**WHAT IS BEING ASKED**
Would you print the listing that follows exactly, but without its pictures?

**RECORDED INFORMATION**
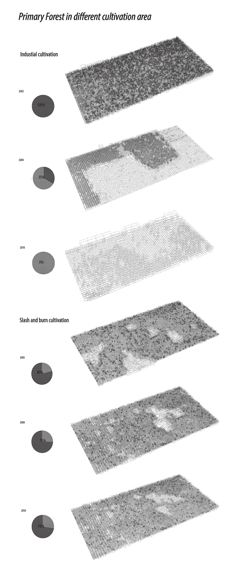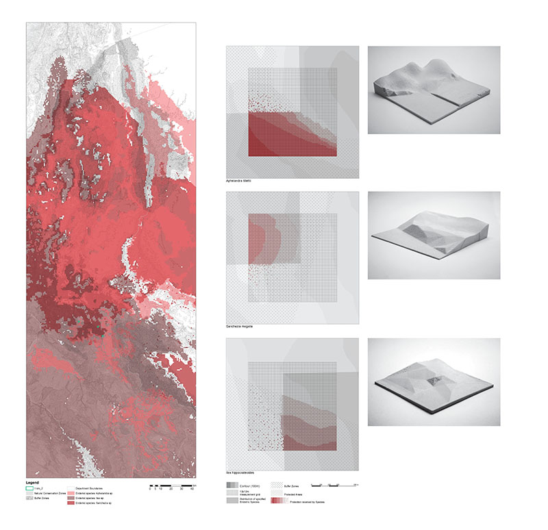 Design Analytics proposes a unique amalgam of computational design and environmental planning. Conservation and development discourse frequently decouples global-regional models from the local specifics of place. Building upon previous seminars as part of Harvard's South America Project, we critically return to the local, organic and ecologic as moments of exception and the strongest point of entry for the fields of architecture and landscape. Lectures and seminars cover design discourse on representation and computation, which is juxtaposed with critical literature on conservation and regional development programmes and the scientific technologies and instruments enabling them. Through foundational and experimental lessons in GIS, topologies, databases, complex surface creation, and data manipulation, students gain greater dexterity and control over their geometry, data types, and cross-platform workflows useful from regional to site-scale works and information visualization. Students repurpose the spatial matrix as a tool for working between complex geometry (e.g., contours, reserve boundaries, agricultural settlements) and heavy data (e.g., deforestation, endemic species distributions). Student projects culminate in densely annotated plans and 3D-printed surfaces of a one-square-kilometer section of the rainforest.
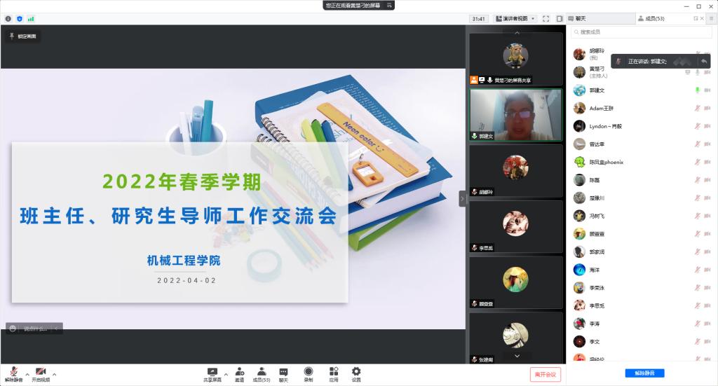 4月2日晚,伟德国际1946bv官网通过腾讯会议召开2022年春季学期班主任、研究生导师工作交流会。全体班主任和研究生导师代表参会。
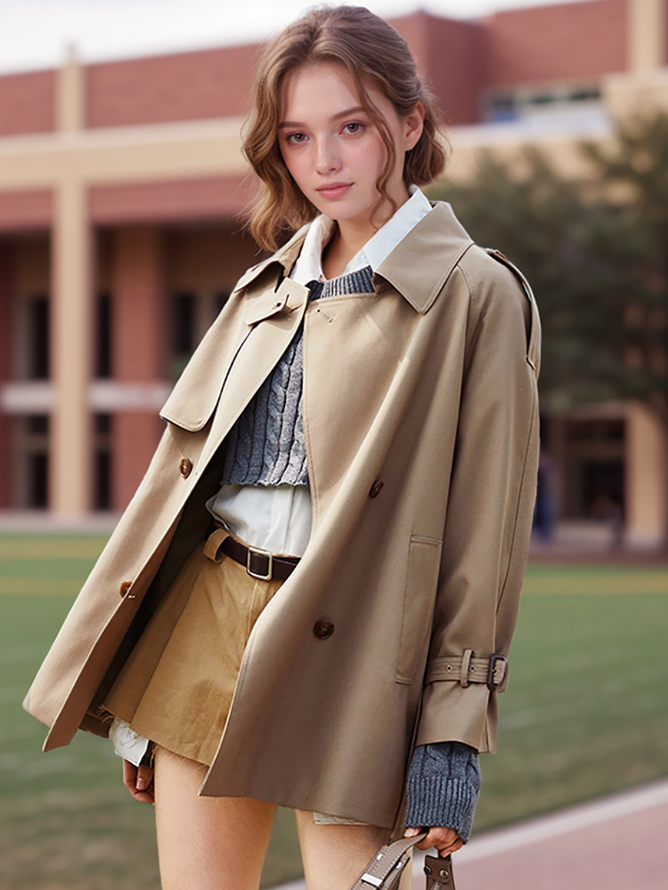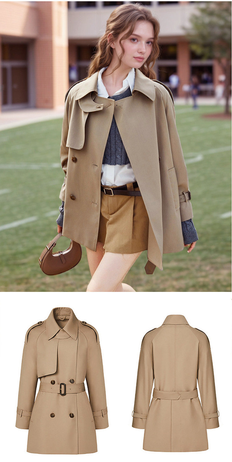 / 2024 Fall Fashion Casual Short Trench Coat Khaki

**EXERCISE RESPONSE**
 Design Analytics proposes a unique amalgam of computational design and environmental planning. Conservation and development discourse frequently decouples global-regional models from the local specifics of place. Building upon previous seminars as part of Harvard's South America Project, we critically return to the local, organic and ecologic as moments of exception and the strongest point of entry for the fields of architecture and landscape. Lectures and seminars cover design discourse on representation and computation, which is juxtaposed with critical literature on conservation and regional development programmes and the scientific technologies and instruments enabling them. Through foundational and experimental lessons in GIS, topologies, databases, complex surface creation, and data manipulation, students gain greater dexterity and control over their geometry, data types, and cross-platform workflows useful from regional to site-scale works and information visualization. Students repurpose the spatial matrix as a tool for working between complex geometry (e.g., contours, reserve boundaries, agricultural settlements) and heavy data (e.g., deforestation, endemic species distributions). Student projects culminate in densely annotated plans and 3D-printed surfaces of a one-square-kilometer section of the rainforest.
 4月2日晚,伟德国际1946bv官网通过腾讯会议召开2022年春季学期班主任、研究生导师工作交流会。全体班主任和研究生导师代表参会。
 / 2024 Fall Fashion Casual Short Trench Coat Khaki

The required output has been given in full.